Time is beginning to stick to the curtains. Beyond them, hidden, are the flowers of the apricot tree. A black claw reaches into my stomach and squeezes me from inside. If this doesn’t stop, I know what I have to do, I tell myself. It doesn’t make me sad. It’s not revenge. I think that I should prepare my mother, my father, Anita. But how?

So, how did it come to this? I tell myself: I have to go back to my mother. I must. My mother: smart, ugly, but well shaped, good breasts, good legs. I’ve told myself this story before. A woman who works in Radiology at the Salvador Hospital feels that her face doesn’t belong to her, she’s insecure about her looks — but not about her intelligence. She wins the love of a tall, muscular, beautiful man. He’s a talented tennis player but not, of course, a professional. He’s a businessman. He works with his father in a small workshop in the neighborhood of Carrascal. He buys tree trunks in the south, brings them by train to Santiago, and makes them into boards, planks, and panels. For doors and windows, for floors. That’s what my father makes and sells: doors and windows.

Now it strikes me as a poetic trade, but not back then. The best wood is rauli beech or holm oak. Sometimes he’s contracted for a walnut door. His father still gets to the yard at six in the morning and is annoyed if his son — who must be over forty by now — isn’t there yet. My grandfather is Catalan. He’s the one who taught my father all the tricks. My father told them to me. How to use the spray gun to lacquer pine particleboard; how to work the table saw and the circular saw; how to add a hundred years to a young rauli or roble beech by darkening it with cedar extract so it passes for a strong, ancient beech; how to kill the yellow spots on chestnut by rubbing them with a soft bitumen-soaked cloth, so you can sell it as oak, which has such a similar grain; how to disguise a knot, which mordant to use, which aniline (if one is disposed to use aniline), how to get rid of the pores using a rag soaked in alcohol, powdered pumice stone, and a few drops of varnish; how to apply — just the way foreman Vicente shows him — a very thin layer of shellac, and then sand it and apply another coat, so the wood gradually takes on, layer upon layer, as the fumes evaporate, that singular caramel tone of a real lacquer.
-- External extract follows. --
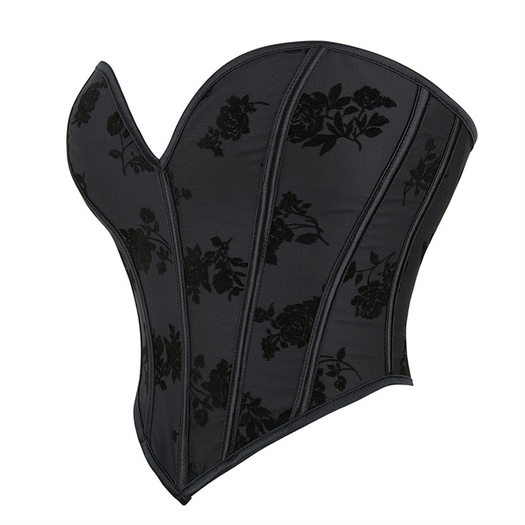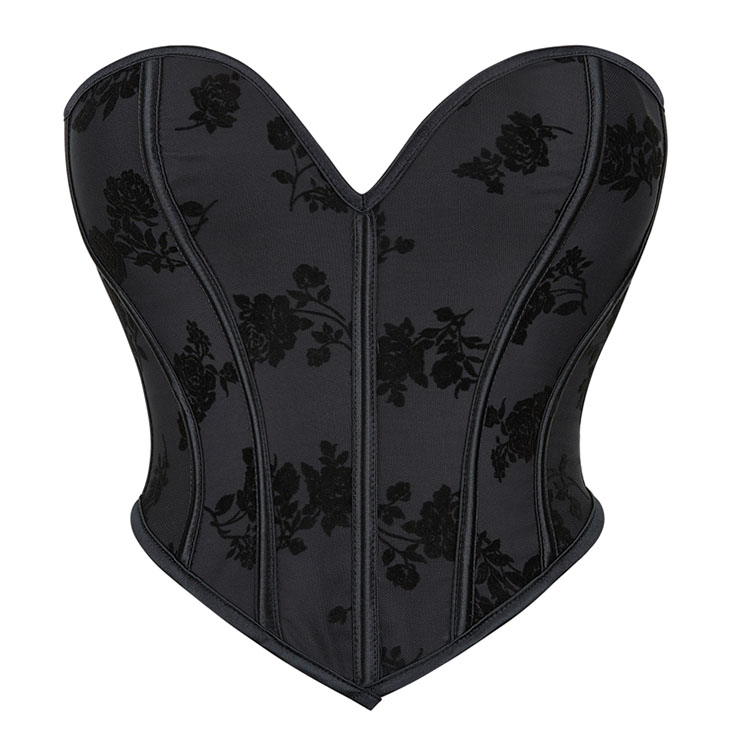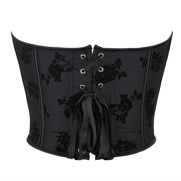 Features of this retro black tube top bra: Made of black flocking fabric, exquisitely printed patterns, 13 pieces of plastic bonding for shaping, and rear laces to tighten.

Master Vicente knows how to keep varnish from getting that fatal roughness that looks like an orange peel. He taught my father to do battle with those gray spots that form, using benzoin mixed with oil and, afterward, polishing it with the palm of the hand covered with a mixture of Venetian tripoli, water, sulfuric acid, Vaseline, turpentine, and alcohol. You have to smell the wood, my grandfather tells him, you have to touch it, love and taste it. It’s the only way the wood will give itself over to you. The finest varnish contained lacquer, sandarac, and white elemi. What his father absolutely never taught him, but Vicente did, was how to make a good “prison rotgut” by mixing tea and lemon with the alcohol for dissolving shellac. The first time my father got drunk it was in the workshop on that cocktail of Vicente’s.